Subject: |
India’s Industrial Production Grows at Slowest Pace in Two Years |
Nov. 11 (Bloomberg) -- India’s industrial production grew in September at the slowest pace in two years following record interest-rate increases and as the global recovery faltered.
Output at factories, utilities and mines increased 1.9 percent from a year earlier after a revised 3.6 percent gain in August, the Central Statistical Office said in a statement in New Delhi today. The median of 27 estimates in a Bloomberg News survey was for a 3.5 percent gain.
The Reserve Bank of India last month signaled it’s nearing the end of monetary tightening after it raised rates for the 13th time since mid-March 2010 to damp inflation. Asian nations from Indonesia to South Korea are either cutting rates or keeping borrowing costs on hold to shield expansion as Europe’s debt crisis hurts the world economy.
“Higher interest rates are beginning to slow economic activity amid global uncertainty,” Jay Shankar, Mumbai-based chief economist at Religare Capital Markets Ltd., said before the report. “The central bank is probably done with its rate tightening.”
The yield on the 8.79 percent government security due November 2021 climbed five basis points, or 0.05 percentage point, to 8.95 percent at 10:30 a.m. in Mumbai. The BSE India Sensitive Index declined 0.9 percent. The rupee was little changed at 50.22 per dollar. The currency has weakened more than 10 percent so far this year.
The Reserve Bank of India said last month that the rupee’s weakness risks fueling inflation, which has stayed above 9 percent since the start of December.
‘Relatively Low’
The central bank said on Oct. 25 that its monetary tightening will help curb inflation and that the likelihood of a rate action in the December policy meeting is “relatively low.”

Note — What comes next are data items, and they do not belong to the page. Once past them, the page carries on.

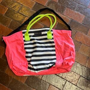 Victoria’s Secret tote is 24 inches wide by 16 inches high. Pink, lime, green, black and white very bright colors. Like new inside. Has some spots on outside (see photos).
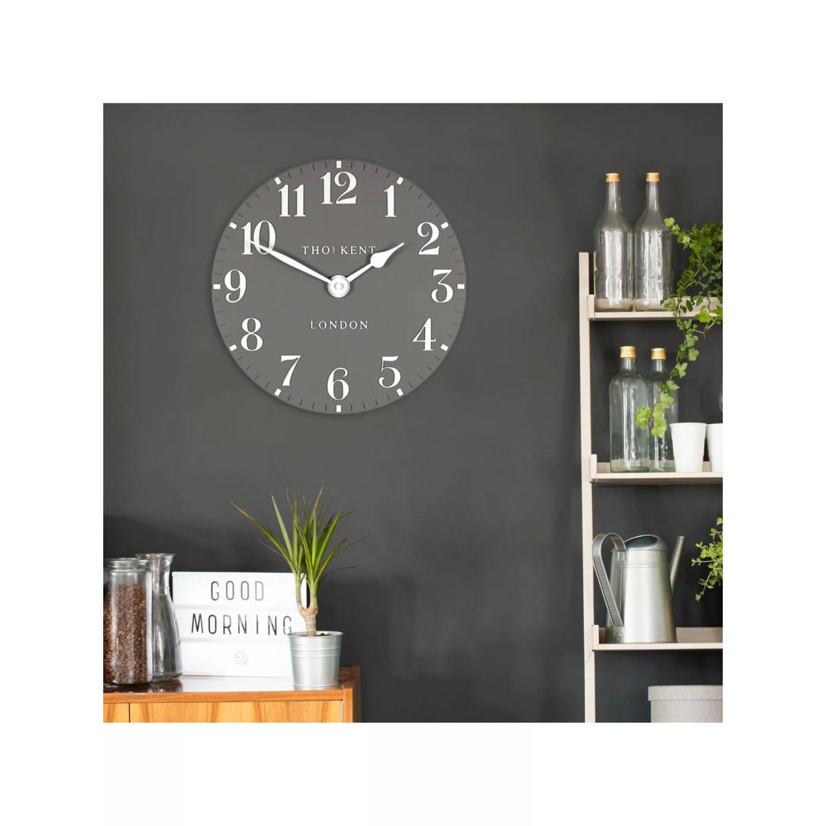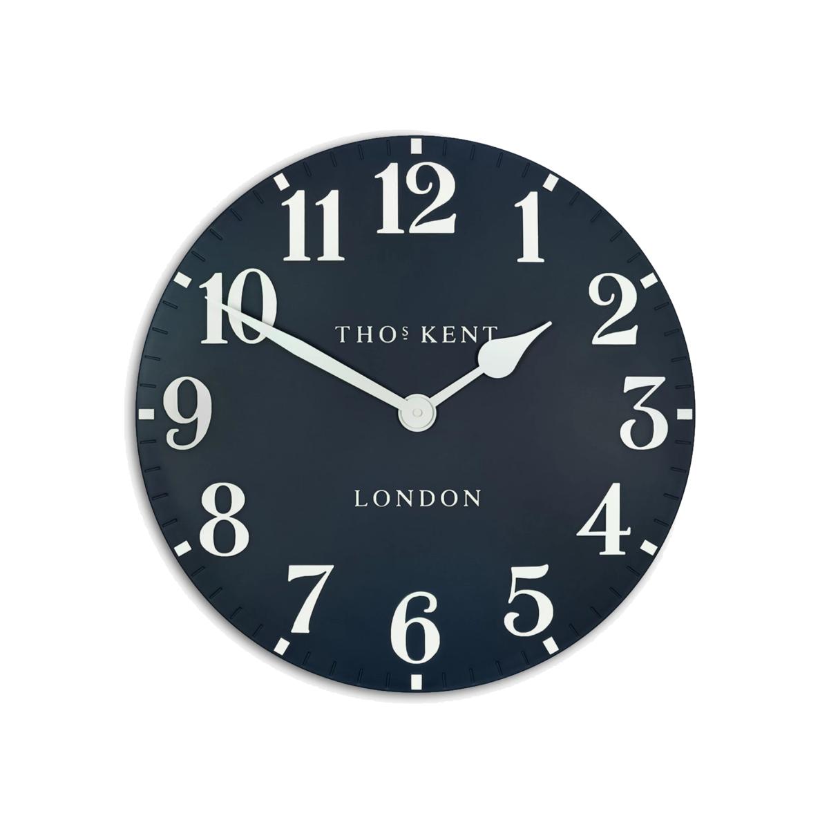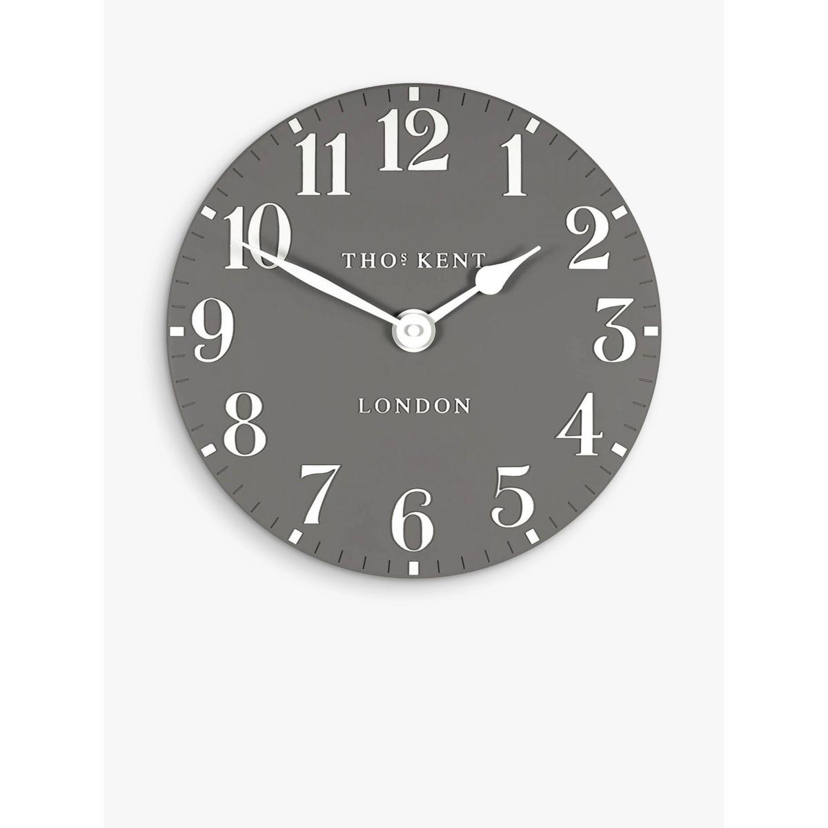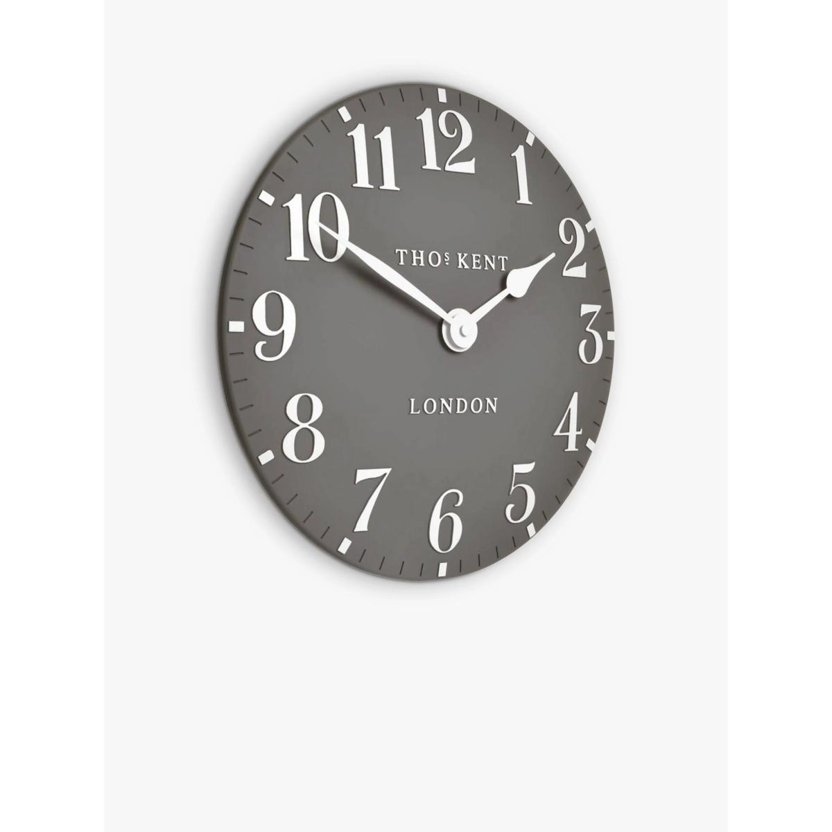 Thomas Kent's Arabic wall clock is a contemporary elegant design with a clock face in a choice of trend-led interior colours in a matt finish. Easily readable Arabic numerals contrast the clock face and match the clock hands.
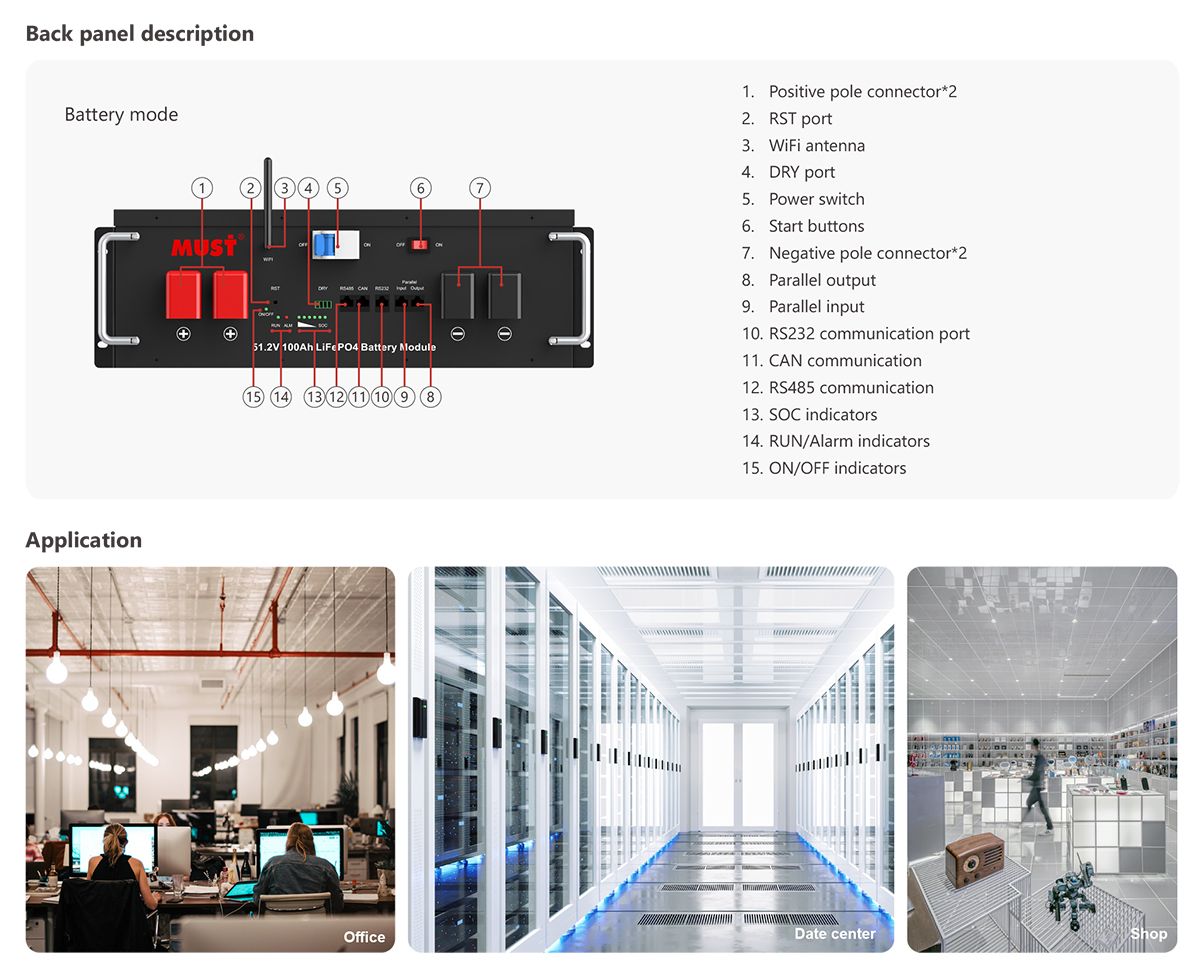 ■ Parallelable for up to 6 battery packs
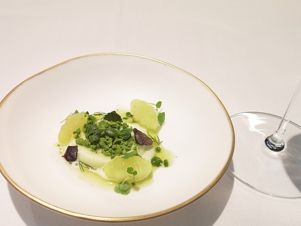 Anguille braisée, rutabaga, agrumes et basilic (Valencia, la Albufera) servi avec un blanc Palo Blanco 2020 ‘Envinate’ de Ténérife; magnifique plat et somptueux dressage
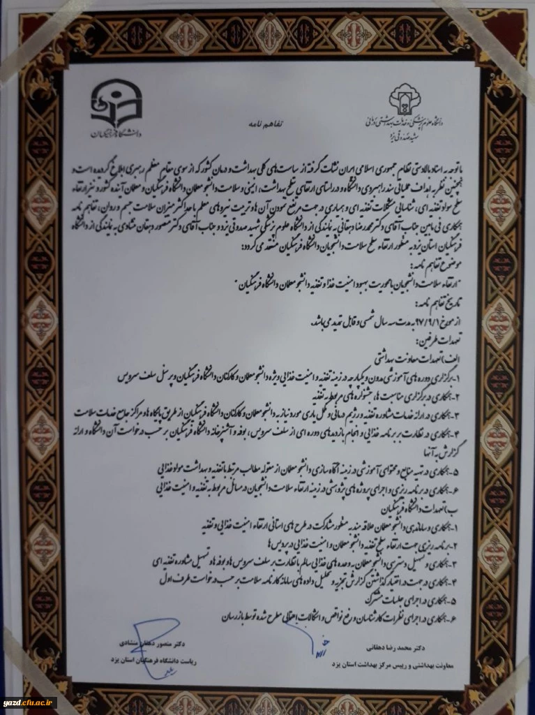 انعقاد تفاهم نامه دانشگاه فرهنگیان با دانشگاه علوم پزشکی یزد در جهت حفظ و ارتقای سلامت 5
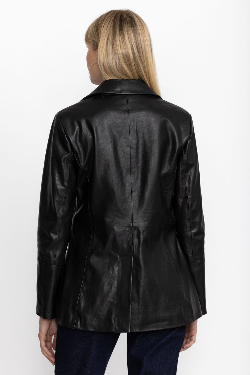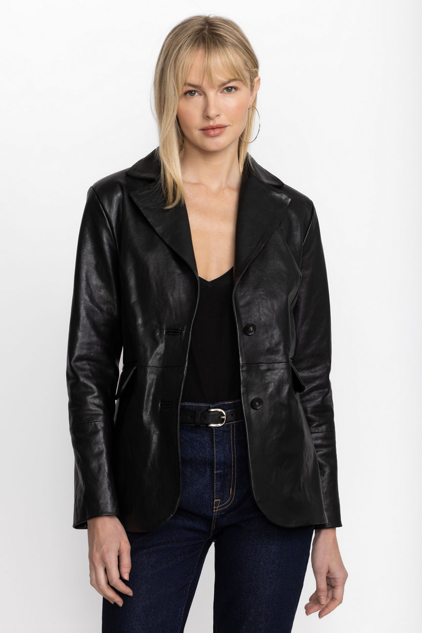The Italian leather blazer offers a fresh feminine take on a classic masculine suiting jacket. Crafted from 100% Italian leather, this blazer features a wide, notched lapel, button closure, and detailed flap pockets at the hip. Layer over a bold blouse and pair with flowing silk pants for a unique textured look.
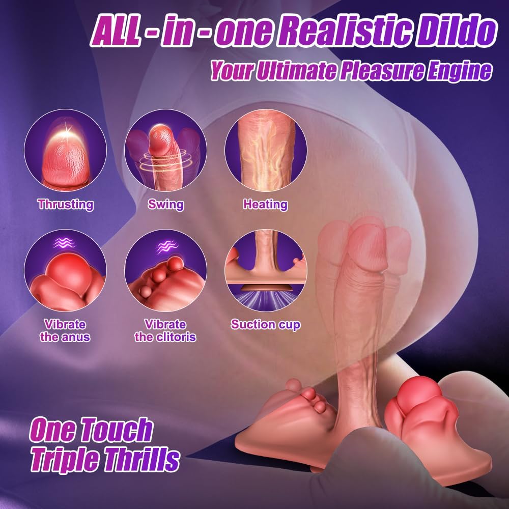 Thrusting Dildo, 10 thrusting swing modes, the sex toys for women and Special angle design rose vibrator delivers inters precise stimulate G-spot & clit & anal stimulation. The realistic dildo can provide deep rumbling G-spot or P-spot stimulation.
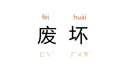 引《韩诗外传》卷五:“礼义废坏,人伦不理。”《后汉书·皇后纪上·章德窦皇后》:“家既废坏,数呼相工问息耗。”宋 欧阳修 《准诏言事上书》:“此三弊因循於上,则万事弛慢废坏於下。”清 顾炎武 《与友人论父在为母齐衰期书》:“礼教不明,丧纪废坏。”

The Reserve Bank predicted India’s economy will expand 7.6 percent in the year ending March 31, lower than the 8 percent it estimated earlier. The central bank expects inflation to ease to 7 percent by March 31.
India’s benchmark wholesale-price inflation rate probably slowed to 9.64 percent in October from 9.72 percent in the previous month, the median of 12 estimates in a Bloomberg News survey showed. The commerce ministry will release the data on Nov. 14.
Governor Duvvuri Subbarao has increased the central bank’s repurchase rate by 375 basis points since the start of 2010. That’s the fastest round of increases since the central bank was established in 1935, Bloomberg data show. The repurchase rate is 8.5 percent.
Consumer Demand
As a result, consumer demand is showing signs of waning.
Steel production by companies including Tata Steel Ltd., India’s largest producer, grew 6.6 percent in September from a year earlier, compared with an 8 percent gain in August, the commerce ministry said Oct. 31. Cement production growth slowed to 0.9 percent from 7.2 percent during the period, the statement showed.
India’s merchandise exports grew 10.8 percent in October, the slowest pace in two years, as waning demand in Europe cut orders, Commerce Secretary Rahul Khullar told reporters in New Delhi on Nov. 8.
Subbarao said last month that the central bank gave the guidance on rates to help boost investment.
India’s inflation will start to decline from December and ease to 7 percent by March before moderating further in the first half of the new fiscal year starting April 1, according to the central bank. Beyond December, “if the inflation trajectory conforms to projections, further rate hikes may not be warranted,” the Reserve Bank said Oct. 25.